# EXERCISE INSTRUCTIONS
Leave the pictures out while you restate every entry below word for word.

(Stored entries)
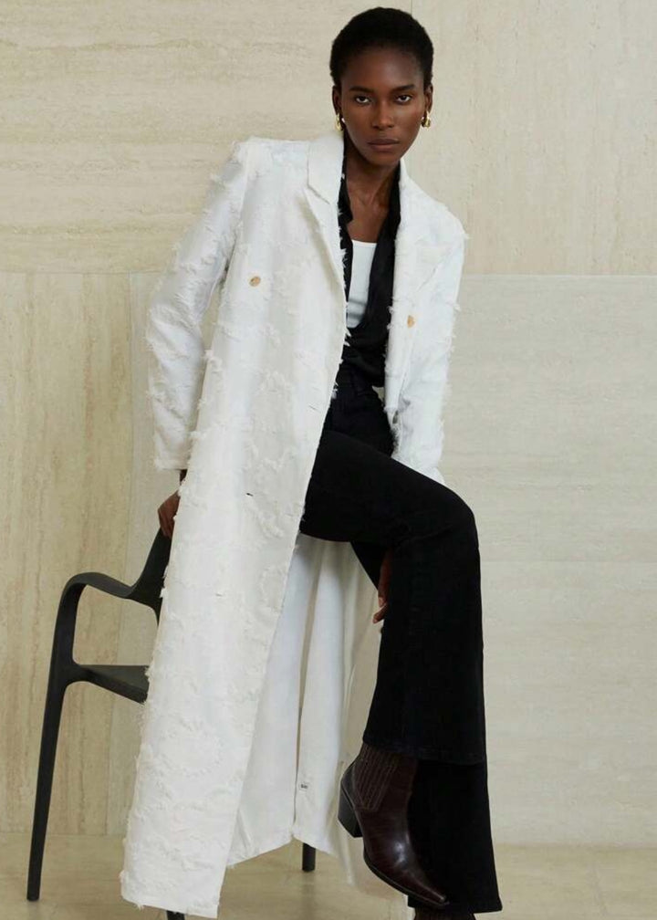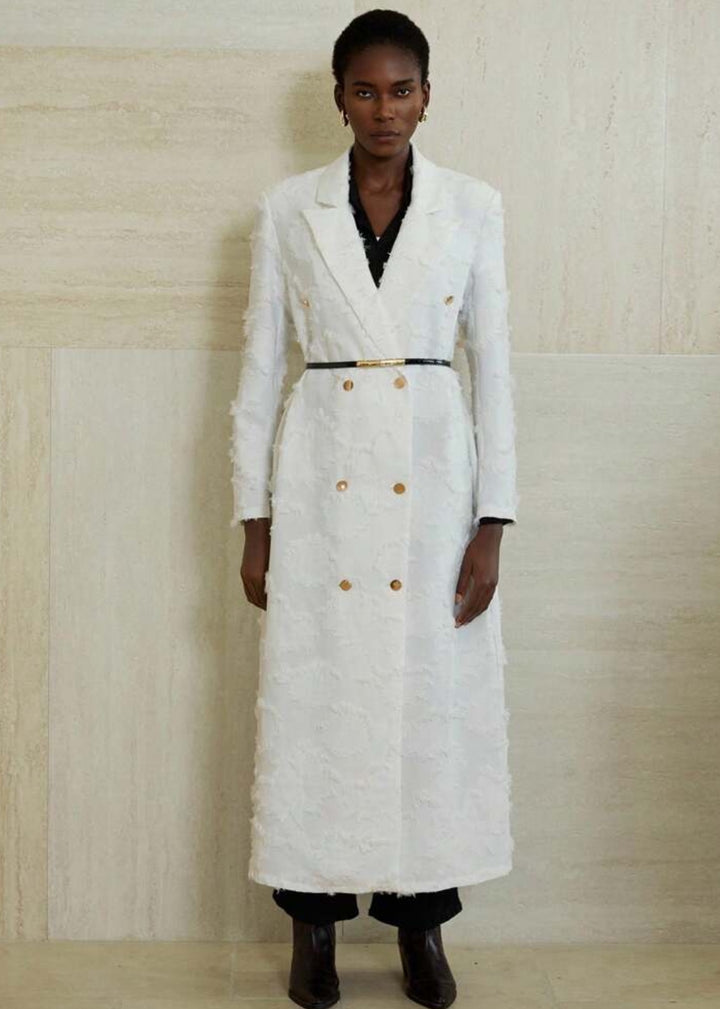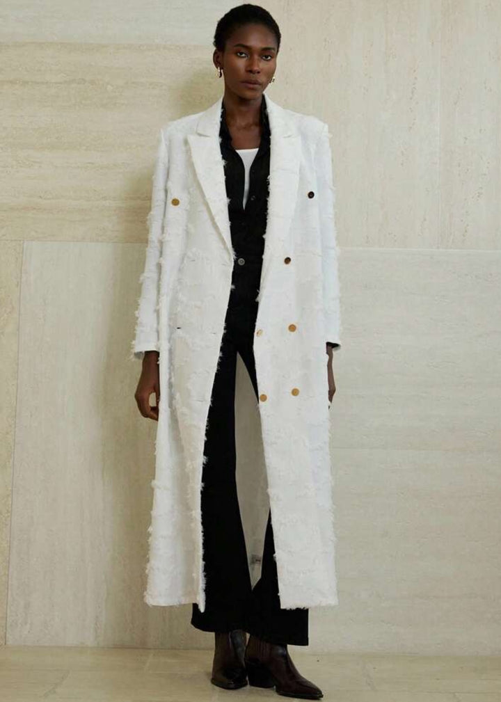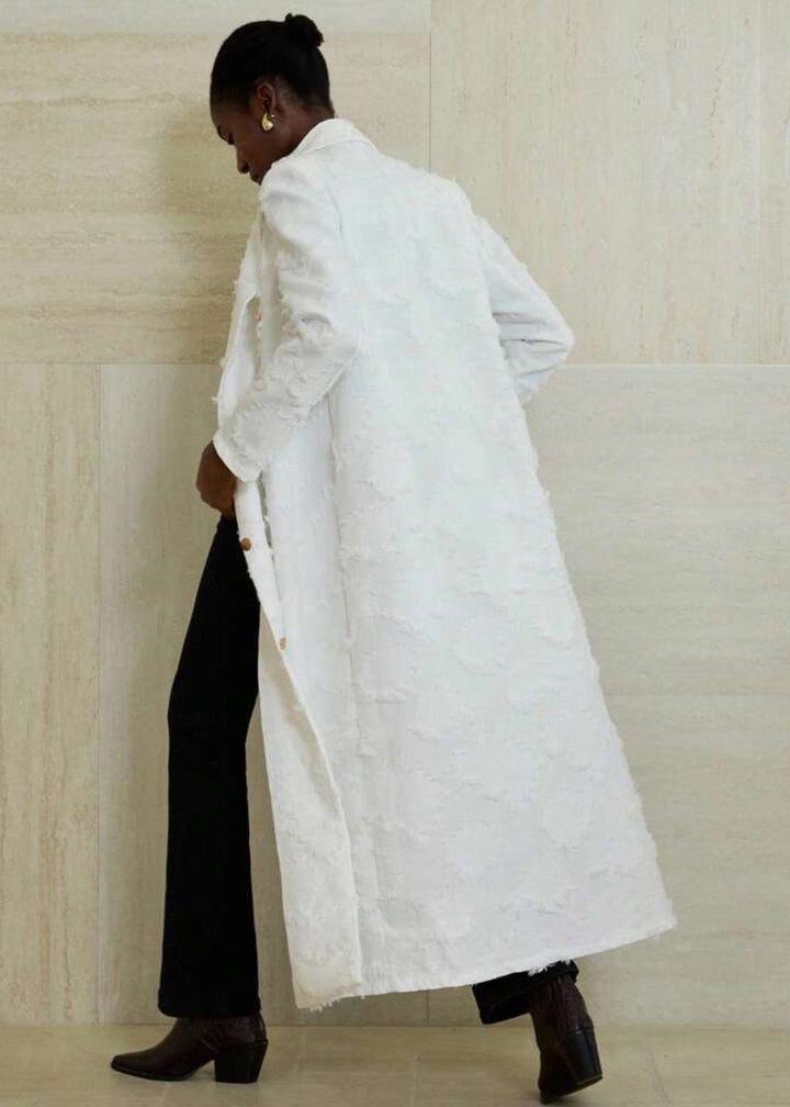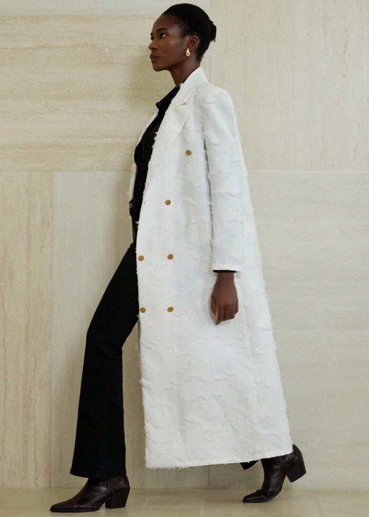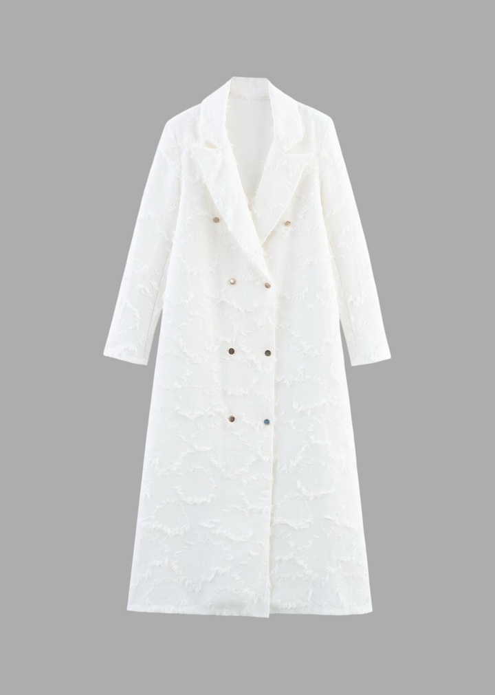 This statement coat features a classic notch lapel collar and a double-breasted button front closure, giving it a structured and timeless silhouette. The coat's standout feature is its all-over frayed texture, which adds a unique, tactile dimension to the design. The longline length provides a dramatic and elegant drape, making this a perfect outerwear piece for elevated occasions or a stylish everyday look.
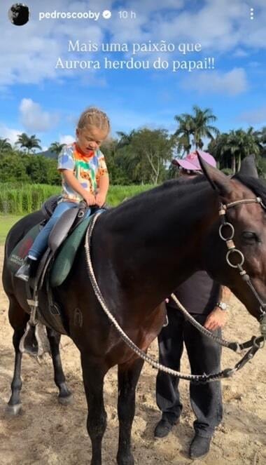 No clique, Aurora surgiu toda fofa esbanjando autonomia e muita segurança ao montar no animal. Todo orgulhoso da conquista da filha, o sufista se derreteu pela herdeira. “Mais uma paixão que Aurora herdou do papai”, disparou o surfista ao mostrar o clique da desenvoltura de sua herdeira ao mostrar uma nova paixão.
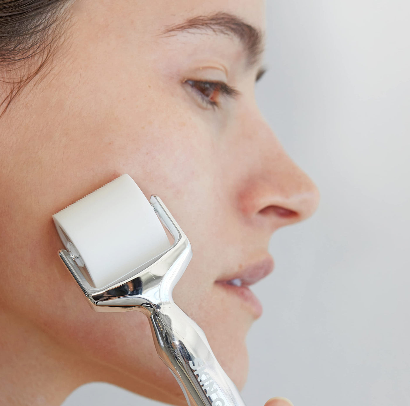 SKIN GYM Microfusion Dissolving Hyaluronic Roller, Non-Invasive Microneedling Alternative, 3000+ Hyaluronic Acid & Peptide Tips for Smooth, Supple, Youthful Skin, Includes 1 Tool + 3 Roller Heads
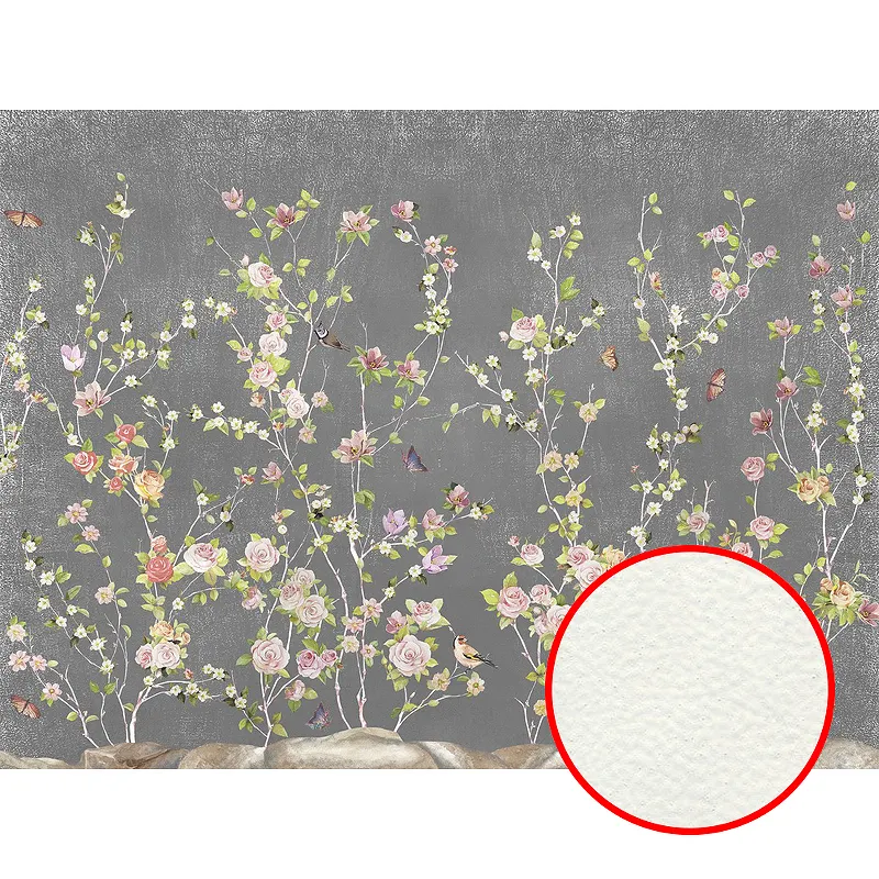 - Флизелиновая фреска с текстурой флок: обеспечивает мелкозернистый рельеф, который добавляет глубину и объём в интерьере.
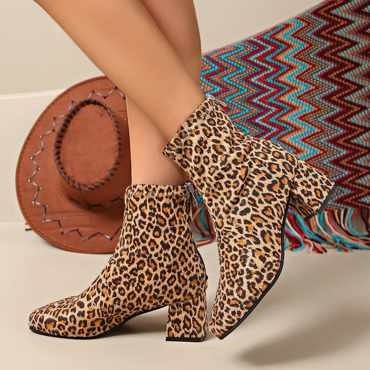 クロスボーダーの大きいサイズのヒョウの紋様のマーティンの靴の女性の2024年の秋冬の新型の欧米の風の中で筒の綿の靴の雪のブーツの女性
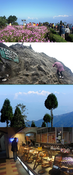 The hub of activity in Darjeeling town is the Chowrasta and Mall. Chowrasta is a wide promenade atop a ridge lined with shops and restaurants where tourists and locals crowd, shop, hang around, enjoy the sun, or surrender to the nearby lip-smacking bakery delights of Glenary's, one of the oldest confectioners in Darjeeling.
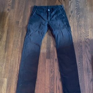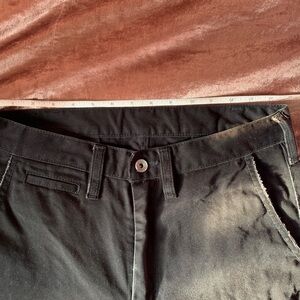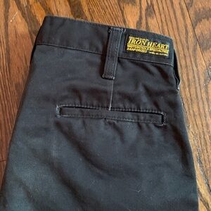 Iron Heart Black (not blue) Japanese selvedge denim Selling in as is worn condition. They are quite worn in, a bit of pill and pocket edges have wear. Small wear makes on lower back left leg (photographed ) Not too stiff, average denim feel zipper fly Straight slim leg Size 31 fits true Waist 31” Rise 10” Hip 41 Inseam 34” Ankle opening width 7” I have a fluffy white cat, there will be fur
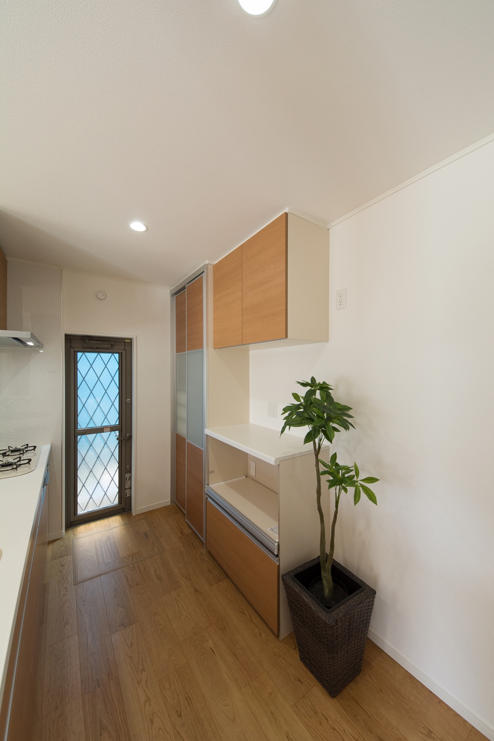 キッチン背面にはキッチンと同じ配色のカップボードを設置。

# SOLUTION FOR THIS EXERCISE
 This statement coat features a classic notch lapel collar and a double-breasted button front closure, giving it a structured and timeless silhouette. The coat's standout feature is its all-over frayed texture, which adds a unique, tactile dimension to the design. The longline length provides a dramatic and elegant drape, making this a perfect outerwear piece for elevated occasions or a stylish everyday look.
 No clique, Aurora surgiu toda fofa esbanjando autonomia e muita segurança ao montar no animal. Todo orgulhoso da conquista da filha, o sufista se derreteu pela herdeira. “Mais uma paixão que Aurora herdou do papai”, disparou o surfista ao mostrar o clique da desenvoltura de sua herdeira ao mostrar uma nova paixão.
 SKIN GYM Microfusion Dissolving Hyaluronic Roller, Non-Invasive Microneedling Alternative, 3000+ Hyaluronic Acid & Peptide Tips for Smooth, Supple, Youthful Skin, Includes 1 Tool + 3 Roller Heads
 - Флизелиновая фреска с текстурой флок: обеспечивает мелкозернистый рельеф, который добавляет глубину и объём в интерьере.
 クロスボーダーの大きいサイズのヒョウの紋様のマーティンの靴の女性の2024年の秋冬の新型の欧米の風の中で筒の綿の靴の雪のブーツの女性
 The hub of activity in Darjeeling town is the Chowrasta and Mall. Chowrasta is a wide promenade atop a ridge lined with shops and restaurants where tourists and locals crowd, shop, hang around, enjoy the sun, or surrender to the nearby lip-smacking bakery delights of Glenary's, one of the oldest confectioners in Darjeeling.
 Iron Heart Black (not blue) Japanese selvedge denim Selling in as is worn condition. They are quite worn in, a bit of pill and pocket edges have wear. Small wear makes on lower back left leg (photographed ) Not too stiff, average denim feel zipper fly Straight slim leg Size 31 fits true Waist 31” Rise 10” Hip 41 Inseam 34” Ankle opening width 7” I have a fluffy white cat, there will be fur
 キッチン背面にはキッチンと同じ配色のカップボードを設置。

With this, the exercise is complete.